-- Task data follows --

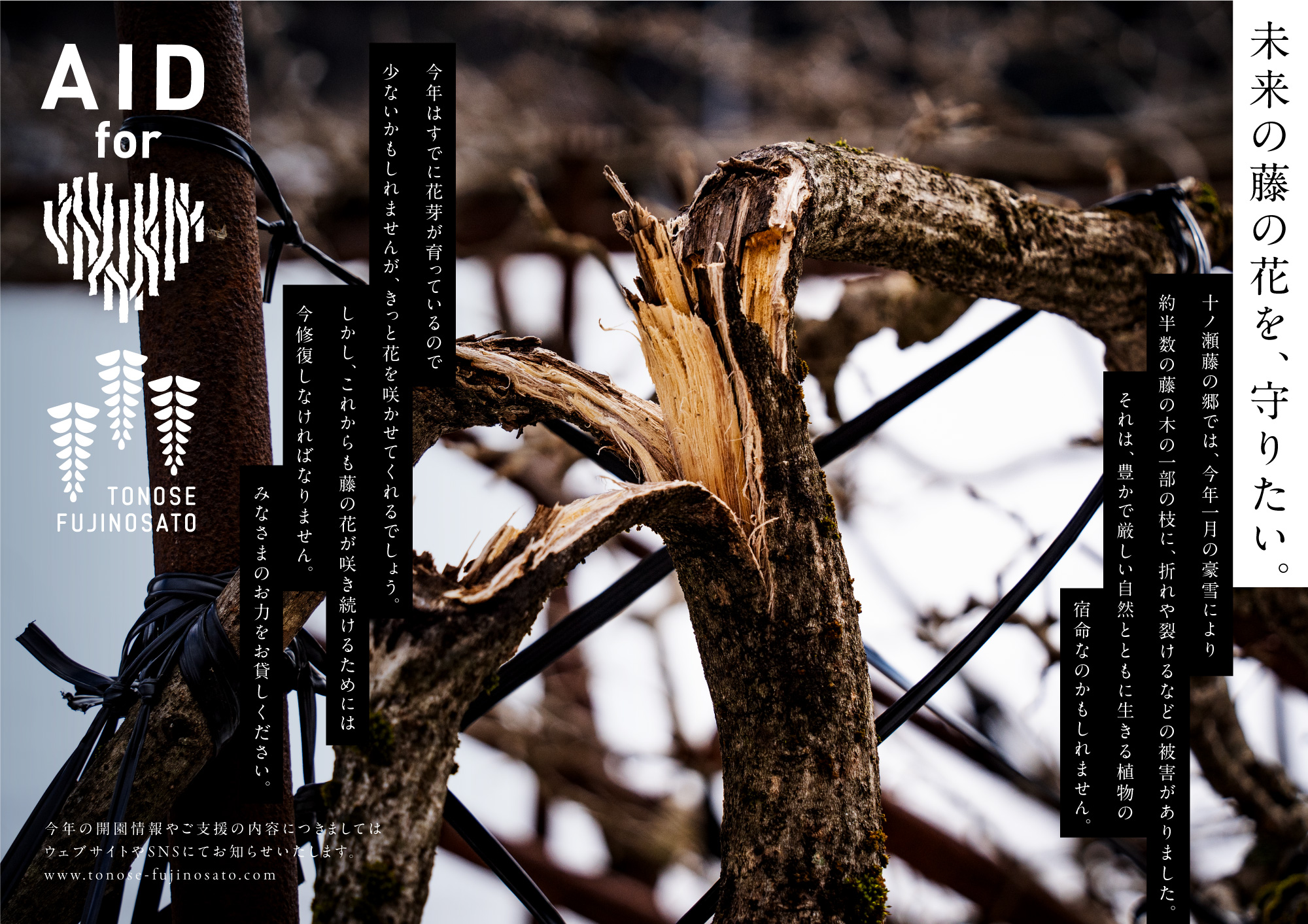 1箇所だけ折れたままの状態で残している箇所があります。被害の状況をぜひ見てください。また折れた状態で皮一枚で繋がっている木に花が咲くのかも観察したいと思います。
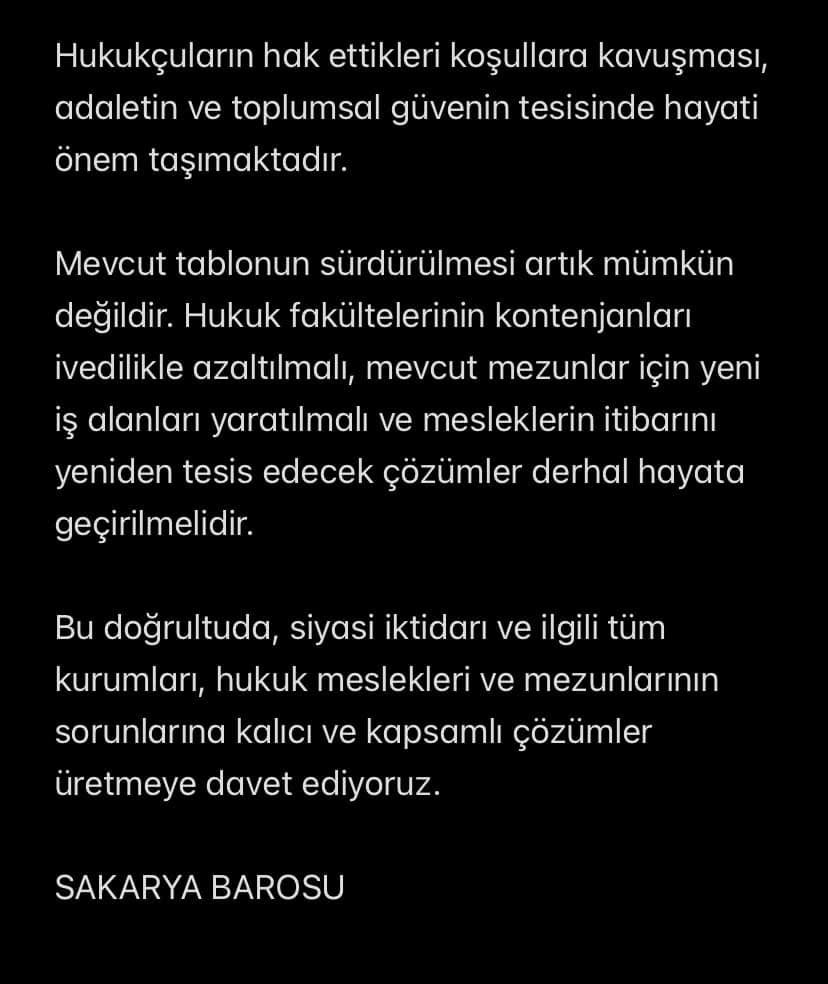Mevcut tablonun sürdürülmesi artık mümkün değildir. Hukuk fakültelerinin kontenjanları ivedilikle azaltılmalı, mevcut mezunlar için yeni iş alanları yaratılmalı ve mesleklerin itibarını yeniden tesis edecek çözümler derhal hayata geçirilmelidir.
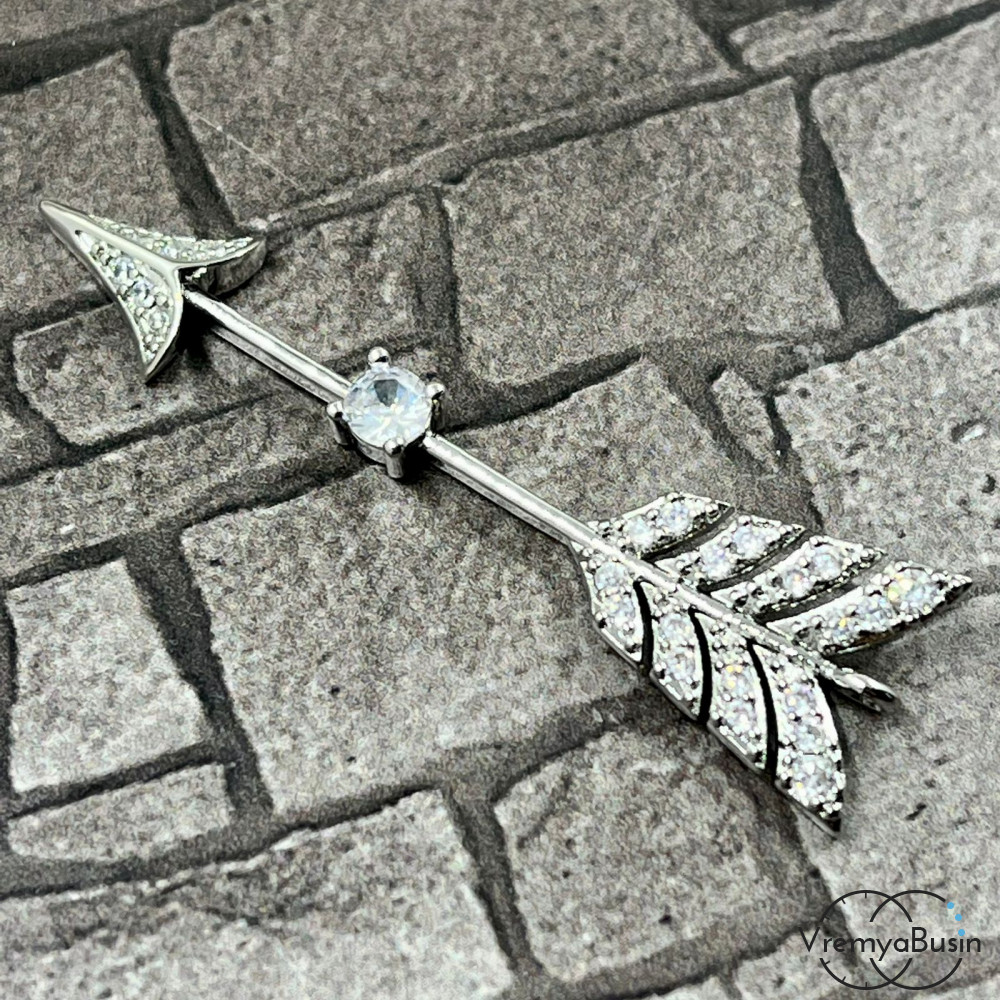 • Подвеска "Стрела", 13х48 мм, из латуни с родиевым покрытием и фианитами (1 шт.)
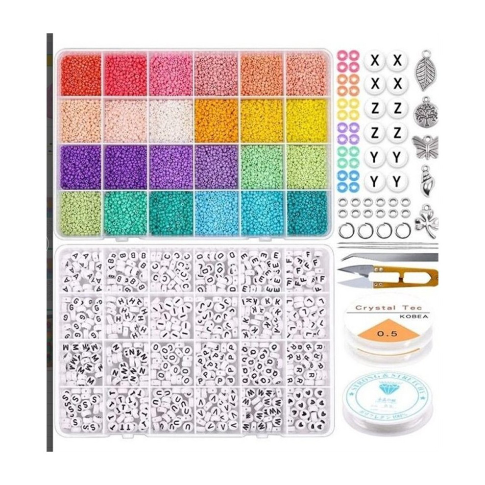 2mm Glass Seed Beads Box Set With Tools Alphabet Beads For Jewelry Making Bracelet Rings DIY Accessories Jewelry Kit
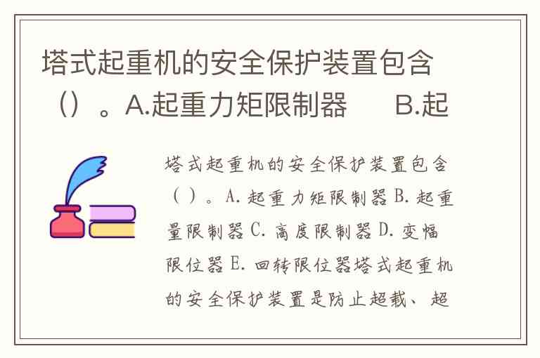 塔式起重机的安全保护装置包含()。A.起重力矩限制器 B.起重量限制器 C.高度限制器 D.变幅限位器 E.回转限位器

-- Task data concluded --

-- The problem --
In the copy, keep every line of the data above exactly and drop each picture.

-- Solution for this problem --
 1箇所だけ折れたままの状態で残している箇所があります。被害の状況をぜひ見てください。また折れた状態で皮一枚で繋がっている木に花が咲くのかも観察したいと思います。
Mevcut tablonun sürdürülmesi artık mümkün değildir. Hukuk fakültelerinin kontenjanları ivedilikle azaltılmalı, mevcut mezunlar için yeni iş alanları yaratılmalı ve mesleklerin itibarını yeniden tesis edecek çözümler derhal hayata geçirilmelidir.
 • Подвеска "Стрела", 13х48 мм, из латуни с родиевым покрытием и фианитами (1 шт.)
 2mm Glass Seed Beads Box Set With Tools Alphabet Beads For Jewelry Making Bracelet Rings DIY Accessories Jewelry Kit
 塔式起重机的安全保护装置包含()。A.起重力矩限制器 B.起重量限制器 C.高度限制器 D.变幅限位器 E.回转限位器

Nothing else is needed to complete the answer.